Does this mean people are choosing China over other financial centres like Singapore and Hong Kong?

White: Not entirely. There are still plenty of companies who want to use these two centres as their entry points into the region. But it is fair to say that companies are now realising that they have a choice between places like Hong Kong and Singapore and other cities like Manila, Penang and Kuala Lumpur. The options for companies have broadened.

What trends are you witnessing in terms of client demands and product needs?

Webb: With interest rates still so low we are having to run hard on the liability side in order to keep our margins at a reasonable level. We are still in an environment where banks are reimbursed through their liability balances - this has happened for years and I don't see that changing quickly. But in last six months we have had some interesting conversations with our clients about paying fees rather than leaving large balances in non-interest bearing accounts. The ultimate objective for these CFOs in terms of their cash structure is having the ability to use all of the liquidity available to them. If they have balances lying around in non-interest bearing accounts then the structure is not working for them.

So you are talking about more effective liquidity management?

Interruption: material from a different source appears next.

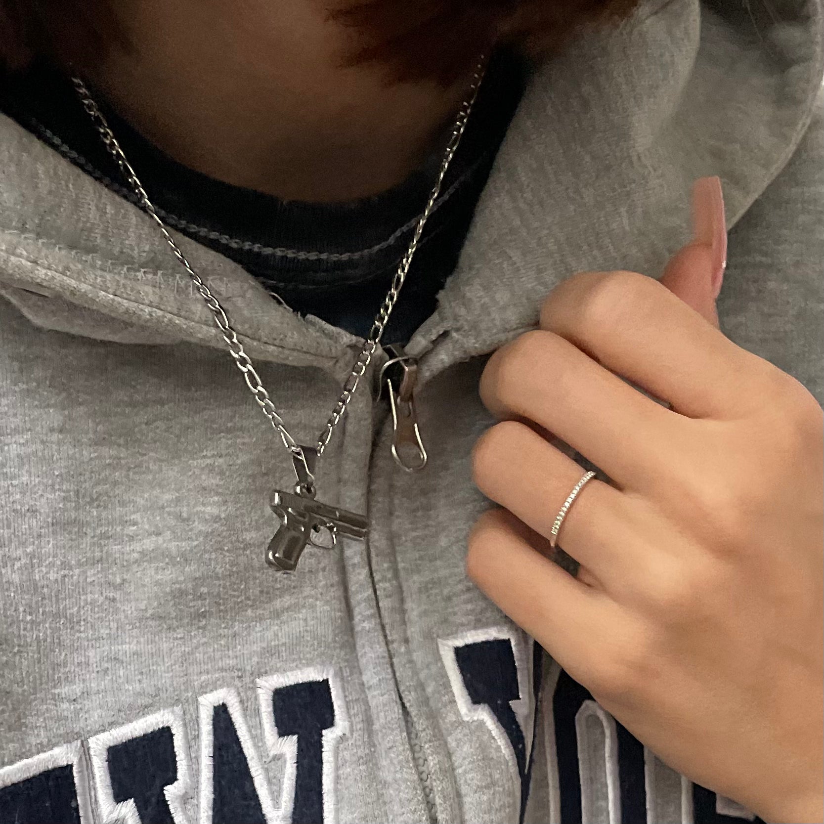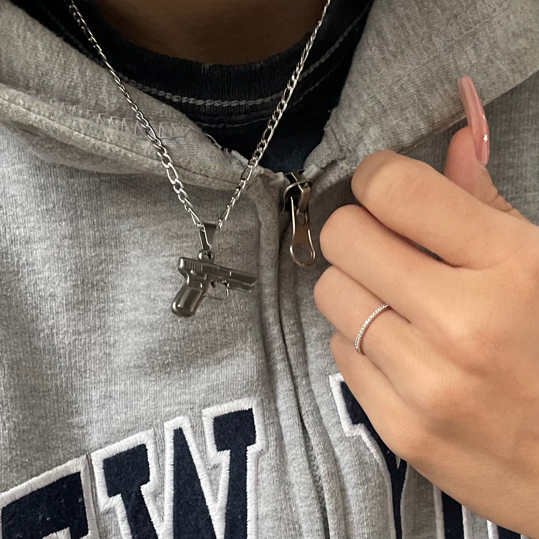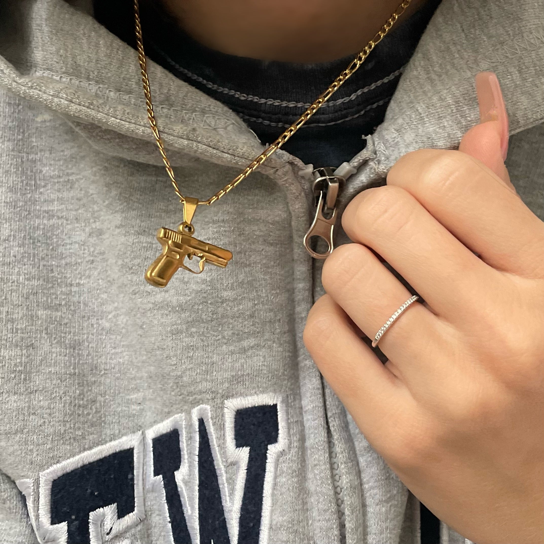 Unsere wasserdichte Unisex-Halskette mit Pistolenmotiv passt perfekt über Ihren Hals und erinnert Sie immer an das Gangsterleben. Sie verfügt über eine einzigartige Figarokette und ist in Gold und Silber erhältlich. Diese 40 + 6 cm lange Halskette mit Anhänger eignet sich hervorragend zum Tragen in mehreren Lagen und sieht wunderschön aus, wenn Sie sie mit beliebigen Ketten kombinieren. Und das Beste daran? Sie ist 100 % wasserdicht, da sie aus 18 Karat vergoldetem/versilbertem Edelstahl besteht.

Webb: Yes, this is a big area of focus. Companies no longer want to be in a situation where they have big balances sitting in accounts in some countries and are then required to borrow funds in other countries. Even markets like China have woken up to this trend. The government there recently passed an entrusted loan regulation which means that subsidiaries within a company can now tap into intra-company liquidity as long as they arrange the transaction through a bank intermediary. The economic environment also means that risk management is high on the agenda and companies are looking for account structures that don't expose them to unforeseen risks. Visibility at headquarters has become important and subsidiaries should not be able to open accounts without the approval from headquarters. And there should be separate payables and receivables accounts so that there is no confusion between what is coming in and what is going out.

What sort of sweeteners are you offering prospective clients in order to win the business?

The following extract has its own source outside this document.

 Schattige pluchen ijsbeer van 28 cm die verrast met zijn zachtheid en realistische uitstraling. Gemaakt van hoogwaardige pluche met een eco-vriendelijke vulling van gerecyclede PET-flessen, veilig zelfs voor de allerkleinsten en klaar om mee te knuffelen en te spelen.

White: We don't have generic proposals -- our offering always depends on the needs of the client. And we are not in a position where we need to undercut. One of our biggest advantages is that nobody doubts our commitment to Asia. Some of our competitors have been downsizing and this sends out a bad signal to the market.

What is on the agenda for HSBC in 2003?

Webb: We have some big product roll outs planned for next year. At the moment we are offering internet banking for our personal and SME clients. Next year, starting in the first quarter, we will roll this out for our sophisticated large cross-border companies. We will be adding some significant new functionality to our web offering.

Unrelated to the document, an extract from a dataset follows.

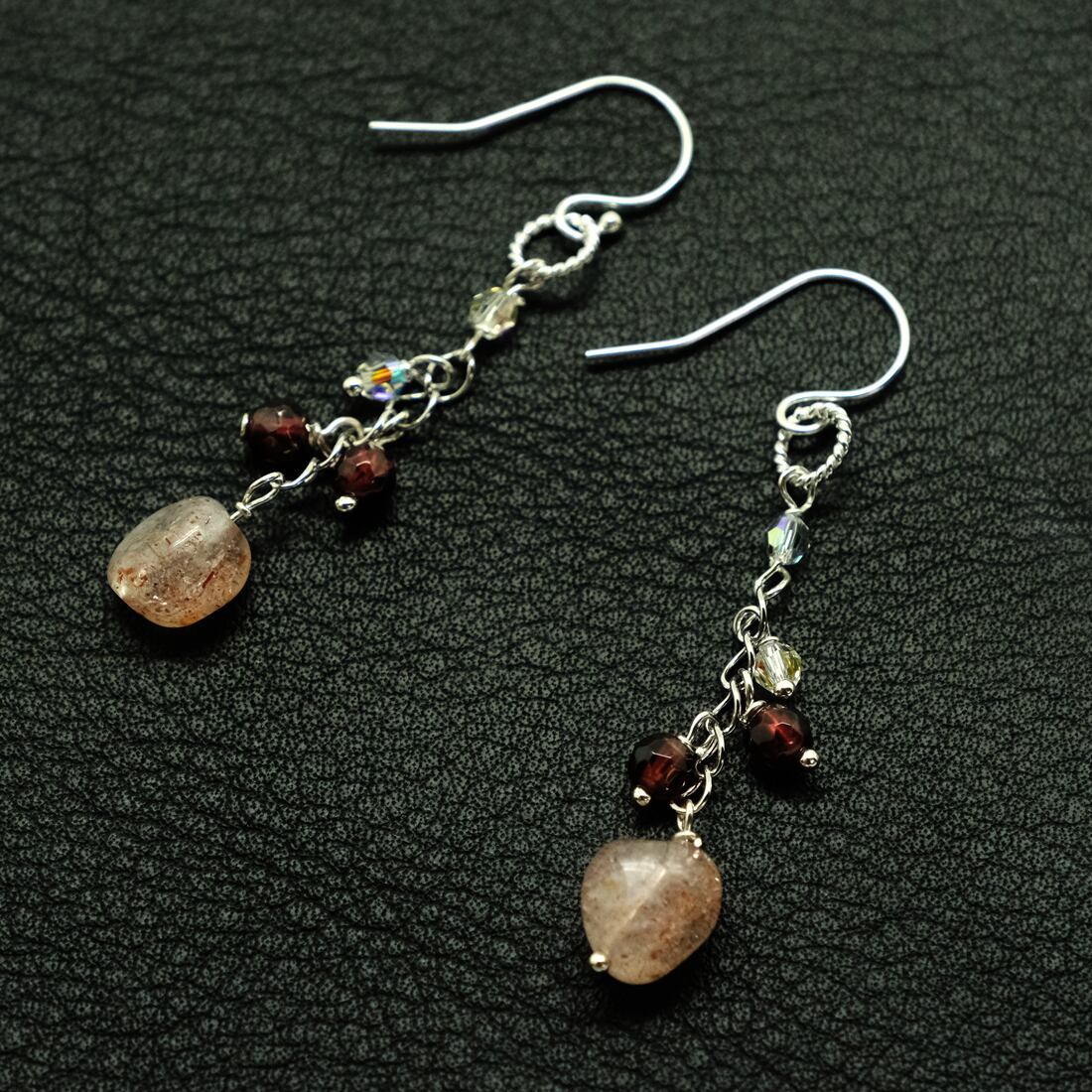 サンストーンとガーネットを組み合わせたロングピアスです。

Will it be a challenging year for cash management banks?

Webb: Yes. I don't envisage a change in the interest rate environment and that will continue to put pressure on margins. In my view, there is not enough space in the market for all of the international banks that are currently vying for business. Banks that don't have critical mass like HSBC are questioning the value of doing some deals when margins are so low. I can see some of them having reduced appetite for these transactions, and once this occurs they will lose ground. You need critical mass in this market to ensure sustainability.